La postura non è solo “stare dritti”

Quando si parla di postura nei bambini e nei ragazzi, spesso il primo pensiero è: “deve stare più dritto”.

È una frase che tutti abbiamo sentito almeno una volta. A casa, a scuola, davanti ai compiti, davanti al tablet o mentre si porta lo zaino. Il problema è che questa frase, da sola, serve a poco.

La postura non è semplicemente una posizione da mantenere. Non è una fotografia perfetta del corpo fermo. È il risultato di come il bambino si muove, respira, si orienta nello spazio, controlla il proprio corpo, gestisce la forza, mantiene l’equilibrio e si adatta alle attività quotidiane.

Per questo, in età scolare, parlare di postura significa parlare soprattutto di educazione al movimento.

Un bambino non ha bisogno solo di sentirsi dire “stai dritto”. Ha bisogno di imparare a usare meglio il proprio corpo.

Perché l’età scolare è un momento importante

Durante l’età scolare il corpo cambia rapidamente. Crescono altezza, peso, leve corporee, forza, coordinazione e capacità di controllo motorio. In alcuni periodi, soprattutto durante gli scatti di crescita, il bambino o il ragazzo può sembrare meno coordinato, più chiuso con le spalle, più instabile o meno consapevole del proprio corpo.

Questo non significa automaticamente che ci sia un problema.

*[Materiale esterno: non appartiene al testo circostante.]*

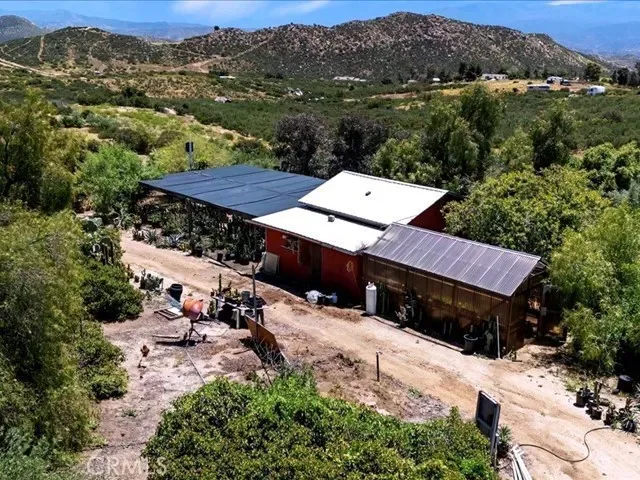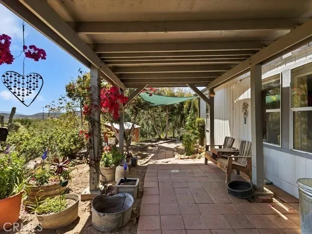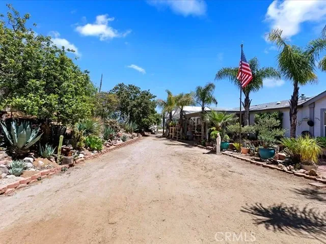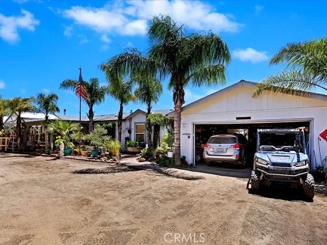 Fantastic ranch nestled 4.86 acres of beautiful usable land. 10 Minutes to Temecula. This manufactured home boasts an abundance of natural light and offers a serene escape from the hustle and bustle of city life. Spacious 4 bedrooms with 3 bath, charming kitchen that overlooks the beautiful views and wonderful birds of all kinds. Darling porch front and back. Two car garage and plenty of parking space. Brand new roof on house and garage, and new patio covers. Step outside to explore the stunning grounds adorned with beautiful gardens featuring 12 citrus trees, 12 assorted fruit trees, and 200 olive trees, creating a true oasis of tranquility. With 2 wells and solar panels, sustainability meets convenience. Wander the trails that meander through the property, or indulge your green thumb in the 2 greenhouses while utilizing the 4 Tuff sheds for all your workshop or storage needs. . Fantastic views with usable land. Enjoy diverse birdlife or simply enjoying the peaceful ambiance from the covered patios. Close to wineries, yet secluded enough to offer privacy. This home is fully fenced and cross-fenced with a security gate for added peace of mind. Miles of trails and plenty of room for horses.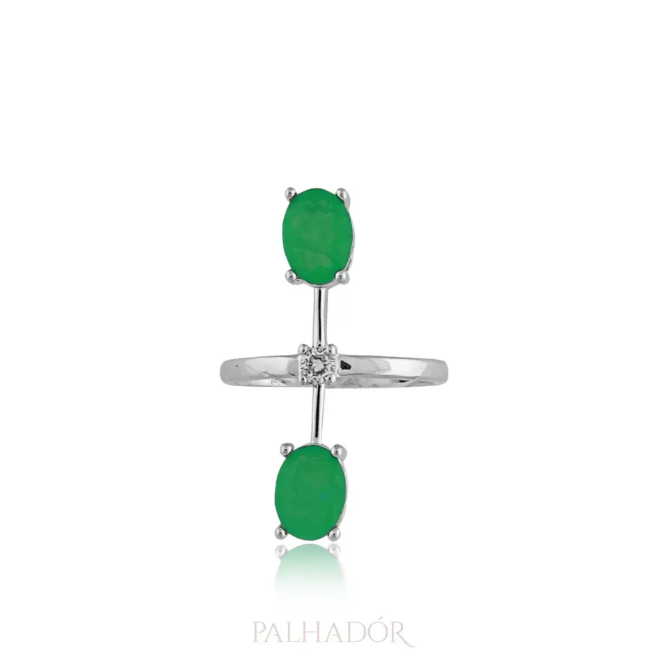 Anel Linha Fusion Esmeralda Ródio Branco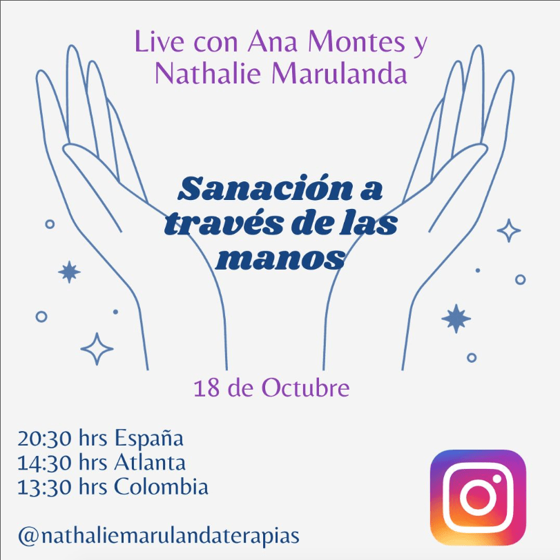 Este próximo miércoles 18 de octubre Ana Montes y Nathalie Marulanda te esperan para conversar sobre un tema precioso «Sanación a través de las manos»su experiencia en el uso de las manos en terapia.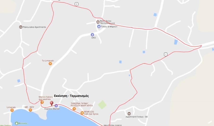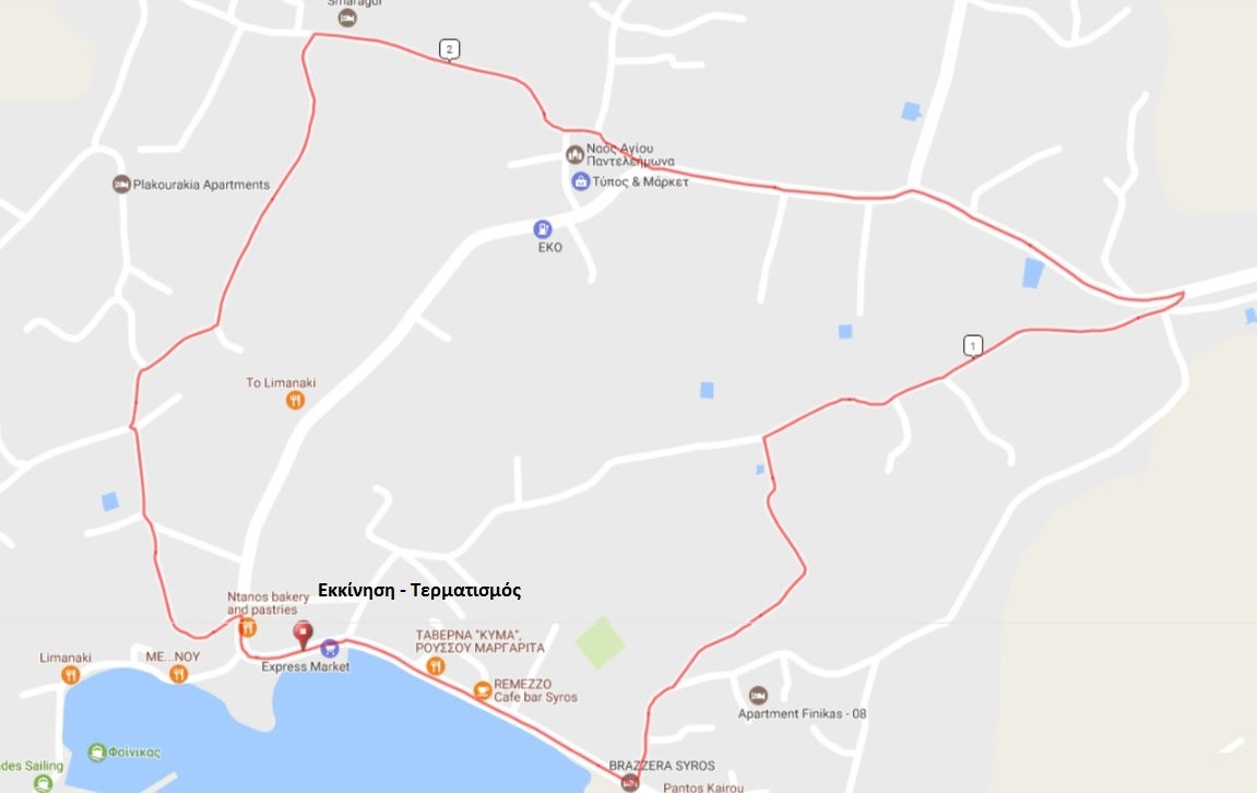 ΕΚΚΙΝΗΣΗ και ΤΕΡΜΑΤΙΣΜΟΣ: Πλατεία Φοίνικα στην παραλία του Φοίνικα Σύρου

Significa però che questa fase è un momento prezioso per costruire buone competenze motorie.

La scuola, lo studio, il tempo seduto, lo zaino, l’uso di smartphone e tablet, lo sport, il gioco libero e la sedentarietà influenzano il modo in cui il corpo viene utilizzato ogni giorno. Non esiste un singolo fattore che “rovina la postura”. Esiste un insieme di abitudini, stimoli e mancanza di stimoli.

Il punto non è spaventarsi per ogni spalla un po’ più alta, per una schiena più curva o per una posizione seduta poco elegante.

Il punto è osservare, valutare e, quando serve, proporre un percorso adatto.

Postura e movimento: due aspetti inseparabili

Una postura efficiente non nasce dall’immobilità.

Nasce dalla capacità di muoversi bene.

Un bambino che sa accovacciarsi, saltare, atterrare, correre, spingere, tirare, arrampicarsi, stare in equilibrio, ruotare, lanciare e controllare il corpo nello spazio sviluppa una base motoria più ricca.

Questa base è importante non solo per lo sport, ma anche per la vita quotidiana.

La postura, infatti, non è solo schiena dritta. È anche capacità di mantenere equilibrio, controllare il tronco, usare bene piedi e anche, coordinare arti superiori e inferiori, respirare senza irrigidirsi, adattarsi a superfici e compiti diversi.

Per questo un percorso posturale in età scolare non dovrebbe limitarsi a esercizi statici o a correzioni verbali ripetute.

Dovrebbe includere movimento, gioco, forza, propriocezione e consapevolezza, dentro un lavoro coerente con mobilità, postura e prevenzione.

Cosa dice la ricerca

Le linee guida dell’Organizzazione Mondiale della Sanità raccomandano per bambini e adolescenti una media di almeno 60 minuti al giorno di attività fisica moderata-vigorosa, prevalentemente aerobica, e attività che rinforzino muscoli e ossa almeno 3 giorni alla settimana.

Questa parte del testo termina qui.